Each of these components plays a specific role — but together, they’re what make SQL a complete and reliable way to manage structured data.

How to Learn SQL

One of the best things about SQL is that it’s surprisingly easy to get started with — even if you don’t come from a traditional programming background. Whether you're a marketer trying to get more from campaign data, or a product manager that wants to improve how you report on user behaviour, SQL is a skill that opens doors across roles and industries.

If you're starting from scratch, there are plenty of beginner-friendly resources to choose from.

Platforms like W3Schools, Codecademy, and Coursera offer interactive tutorials and step-by-step courses designed to walk you through the fundamentals. Most of these let you practice directly in your browser, so there’s no setup required.

Once you’ve got the basics down pat, the best way to build confidence is by experimenting. Work with sample databases like AdventureWorks or Sakila to explore real-world schemas and queries. Use SQL sandboxes or open-source tools like DB Fiddle or SQLite to write and test queries in a safe environment. The more you play with the data, the more intuitive SQL starts to feel.

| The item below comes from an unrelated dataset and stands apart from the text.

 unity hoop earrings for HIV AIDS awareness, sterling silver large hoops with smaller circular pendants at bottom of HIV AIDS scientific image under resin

It’s also a skill that tends to show up across job descriptions — not just in technical roles. Analysts, marketers, product teams, operations leads — even founders — all benefit from knowing how to pull and shape data without waiting on someone else to do it for them. Being able to write your own queries doesn’t just make you more efficient — it gives you direct access to insights, and that’s often where the real leverage lies.

SQL commands

Commonly Used SQL Commands

There are dozens of SQL commands, but most day-to-day work is built on a core set. These are the ones you’ll come across most often — whether you’re pulling a quick report, combining data from multiple tables, or inserting new records into a database.

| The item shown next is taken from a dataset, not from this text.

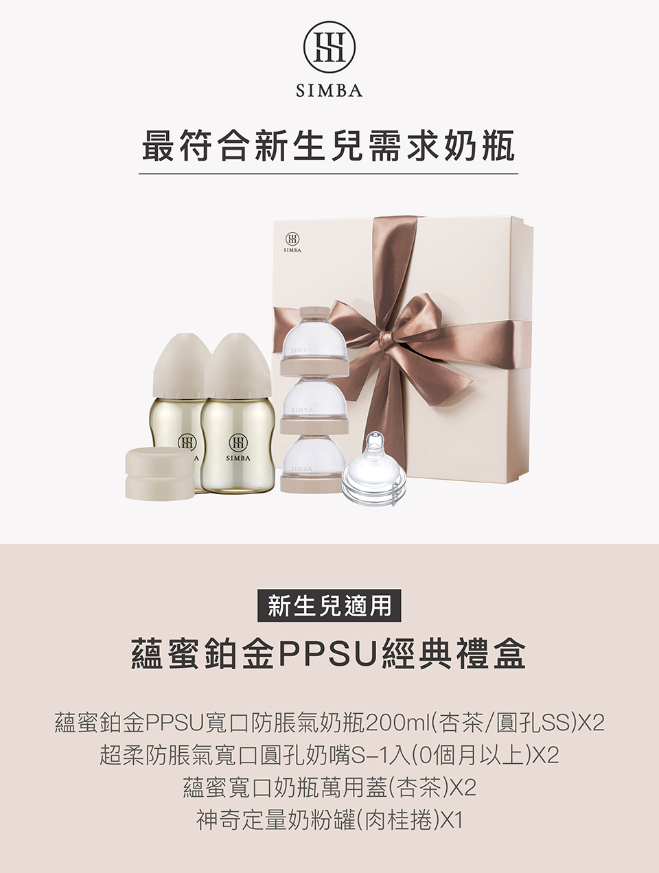 ● 內容物:蘊蜜鉑金PPSU寬口防脹氣奶瓶200ML(杏茶/圓孔SS)X2+超柔防脹氣寬口圓孔奶嘴S-1入(0個月以上)X2+蘊蜜寬口奶瓶萬用蓋(杏茶)X2+神奇定量奶粉罐(肉桂捲)X1

Here’s a quick guide to the most commonly used SQL commands and what they do:

Command Purpose Example
SELECT Pulls data from a table SELECT * FROM customers;
FROM Specifies the table you’re working with SELECT * FROM customers;
WHERE Filters results based on specific conditions SELECT * FROM orders WHERE status = 'shipped';
JOIN Combines rows from two or more tables based on a related column SELECT orders.id, customers.name FROM orders JOIN customers ON orders.customer_id = customers.id;
GROUP BY Groups rows that have the same values in specified columns SELECT COUNT(*) FROM orders GROUP BY customer_id;
ORDER BY Sorts the result set in ascending or descending order SELECT * FROM products ORDER BY price DESC;
INSERT Adds new data to a table INSERT INTO customers (name, email) VALUES ('Alice Smith', 'alice@email.com');

These commands are the building blocks of most SQL queries. Learn how they work together, and you’ll be able to write queries that do exactly what you need — no matter the size or complexity of your dataset.

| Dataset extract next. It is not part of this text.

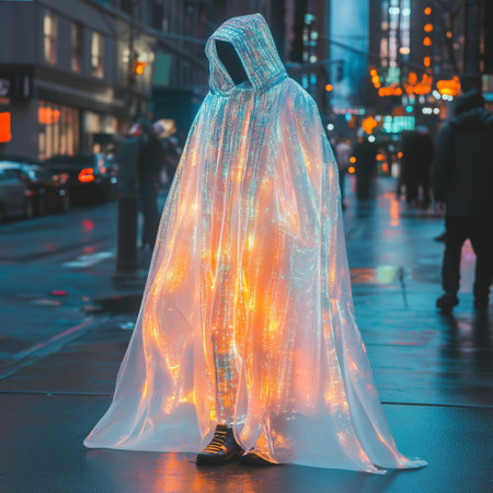 A person wearing a glowing, futuristic suit stands on a busy city street at night, surrounded by neon lights and urban energy, creating a sci-fi and cyberpunk atmosphere.

Using SQL to Future-Proof Businesses

Structured Query Language (SQL) isn’t just a foundational skill — it’s a future-proof one. As businesses continue to generate and rely on structured data across cloud platforms, analytics tools, and enterprise systems, SQL remains the connective thread that makes that data useful. Whether you’re analysing trends, building reports, or powering entire applications, SQL gives you the control and clarity to do it all — in a language that’s built to last.